* [Dataset excerpts]

* * * * * * *

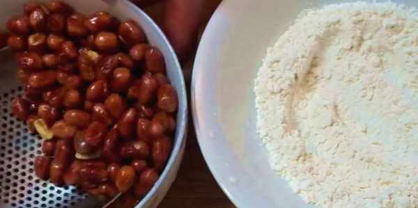 5,撈出花生米放入盆中,分次倒入面粉搖晃面盆,讓花生米滾成小圓球,最後篩掉多餘的面粉
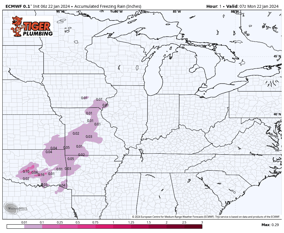 A more significant wave of precip moves in later today into tonight and that’s when we’ll be dealing with a steady period of freezing rain that lingers through the day Tuesday. Temps will be hovering either at 31, 32, or 33 degrees for much of the morning Tuesday, so some of us will have rain, while others have freezing rain–either way, plan on an icy overnight and morning commute. Treated surfaces will be just fine, but another untreated will be problematic. We’ll flip over to mainly rain during the day as temps warm just above the freezing mark–slick travel is still possible through the day with any residual ice.
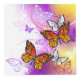 Orange, detailed monarch butterflies on light, purple, picturesque, painted background.
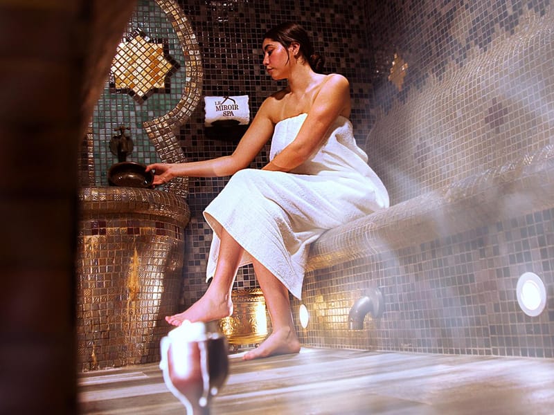 Premiere etape : la salle chaude. On entre dans une piece carrelee, chauffee a environ 40-45 degres, avec une forte humidite. On s'installe sur le marbre chaud et on laisse la vapeur ouvrir les pores pendant 10 a 15 minutes. C'est le moment ou le corps se prepare au gommage. La chaleur detend les muscles en profondeur et la vapeur ramollit la couche superficielle de la peau.
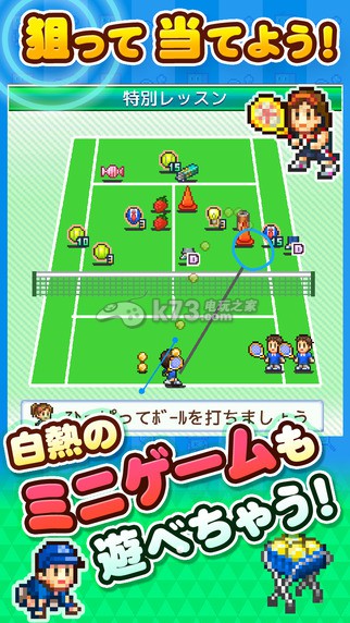 游戏整体画面非常简单,采用了开罗系列的一贯像素风格展开,当然玩法上也依旧非常自由,玩家只需要根据自己的习惯不断的发展属于自己的网球俱乐部就可以了,整体来说是一款可玩性非常高的游戏。
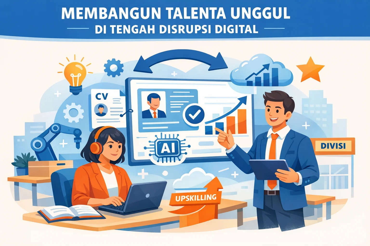 Proses manajemen talenta mencakup identifikasi potensi, talent mapping, program pengembangan, hingga retensi karyawan. Dengan HR analytics, organisasi dapat memetakan kinerja dan potensi secara lebih akurat. Perencanaan suksesi juga menjadi bagian penting, agar calon pemimpin masa depan disiapkan secara sistematis.
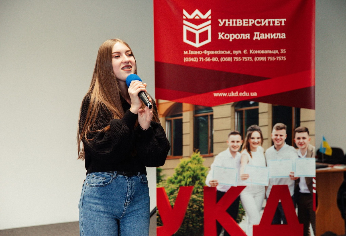 «Коли отримала знижку, то навіть не розглядала інших варіантів і не подавала документи в інші ЗВО, - розповідає Софія Романишин. - Про Університет Короля Данила багато хороших відгуків, тому для мене він свого часу став своєрідною мрією, яку мені вдалось втілити. Зустрічі з успішними людьми, виступи зірок шоу-бізнесу, успішні університетські музичні проєкти, викладачі-практики,  відповідна матеріально-технічна база - однозначні переваги закладу».
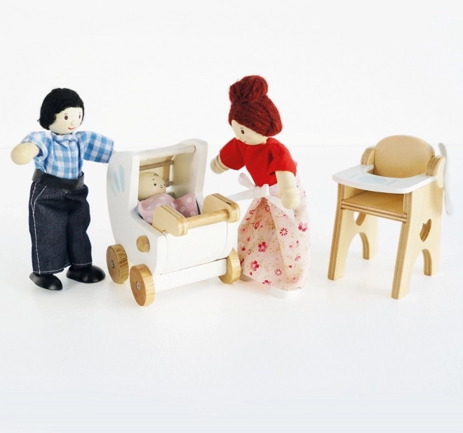 Armas puidust mängukomplekt LE TOY VANilt kujutlusvõimalusterohkeks mänguks beebiga. Sisaldab vankrit, kõrget söögitooli, söögikomplekti ja kotti. Tekstiillosad on käsitsi õmmeldud ning kõik detailid on valmistatud kvaliteetsest kautšukipuidust. Mänguasi on kaunistatud mittetoksiliste veepõhiste värvidega, on eetiliselt toodetud ja toetab loovust, peenmotoorikat ning koordinatsiooni.
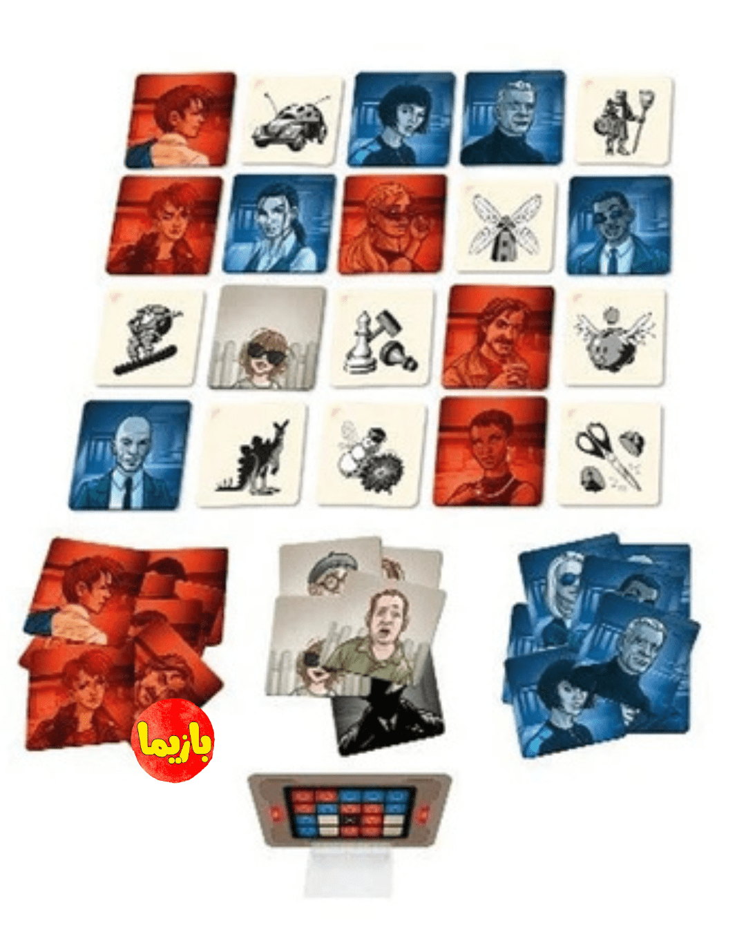 این نشانهها در واقع کُدِ محلهایی هستند که جاسوسها باید با مأموران مخفی ملاقات کنند! بازی فکری کدنیمز تصاویر یک بازی دورهمی هیجانانگیز برای علاقهمندان به رمزگذاری و رمزشکنی است؛ اما مراقب باشید! یک رمزگشایی اشتباه میتواند مأمور شما را مستقیماً به دام دشمن بیندازد… یا حتی بدتر، کارت قاتل را فعال کند!

* * * * * * *

* [Task directions] Reproduce the data above word for word, but leave the images out.

* [Answer]
 5,撈出花生米放入盆中,分次倒入面粉搖晃面盆,讓花生米滾成小圓球,最後篩掉多餘的面粉
 A more significant wave of precip moves in later today into tonight and that’s when we’ll be dealing with a steady period of freezing rain that lingers through the day Tuesday. Temps will be hovering either at 31, 32, or 33 degrees for much of the morning Tuesday, so some of us will have rain, while others have freezing rain–either way, plan on an icy overnight and morning commute. Treated surfaces will be just fine, but another untreated will be problematic. We’ll flip over to mainly rain during the day as temps warm just above the freezing mark–slick travel is still possible through the day with any residual ice.
 Orange, detailed monarch butterflies on light, purple, picturesque, painted background.
 Premiere etape : la salle chaude. On entre dans une piece carrelee, chauffee a environ 40-45 degres, avec une forte humidite. On s'installe sur le marbre chaud et on laisse la vapeur ouvrir les pores pendant 10 a 15 minutes. C'est le moment ou le corps se prepare au gommage. La chaleur detend les muscles en profondeur et la vapeur ramollit la couche superficielle de la peau.
 游戏整体画面非常简单,采用了开罗系列的一贯像素风格展开,当然玩法上也依旧非常自由,玩家只需要根据自己的习惯不断的发展属于自己的网球俱乐部就可以了,整体来说是一款可玩性非常高的游戏。
 Proses manajemen talenta mencakup identifikasi potensi, talent mapping, program pengembangan, hingga retensi karyawan. Dengan HR analytics, organisasi dapat memetakan kinerja dan potensi secara lebih akurat. Perencanaan suksesi juga menjadi bagian penting, agar calon pemimpin masa depan disiapkan secara sistematis.
 «Коли отримала знижку, то навіть не розглядала інших варіантів і не подавала документи в інші ЗВО, - розповідає Софія Романишин. - Про Університет Короля Данила багато хороших відгуків, тому для мене він свого часу став своєрідною мрією, яку мені вдалось втілити. Зустрічі з успішними людьми, виступи зірок шоу-бізнесу, успішні університетські музичні проєкти, викладачі-практики,  відповідна матеріально-технічна база - однозначні переваги закладу».
 Armas puidust mängukomplekt LE TOY VANilt kujutlusvõimalusterohkeks mänguks beebiga. Sisaldab vankrit, kõrget söögitooli, söögikomplekti ja kotti. Tekstiillosad on käsitsi õmmeldud ning kõik detailid on valmistatud kvaliteetsest kautšukipuidust. Mänguasi on kaunistatud mittetoksiliste veepõhiste värvidega, on eetiliselt toodetud ja toetab loovust, peenmotoorikat ning koordinatsiooni.
 این نشانهها در واقع کُدِ محلهایی هستند که جاسوسها باید با مأموران مخفی ملاقات کنند! بازی فکری کدنیمز تصاویر یک بازی دورهمی هیجانانگیز برای علاقهمندان به رمزگذاری و رمزشکنی است؛ اما مراقب باشید! یک رمزگشایی اشتباه میتواند مأمور شما را مستقیماً به دام دشمن بیندازد… یا حتی بدتر، کارت قاتل را فعال کند!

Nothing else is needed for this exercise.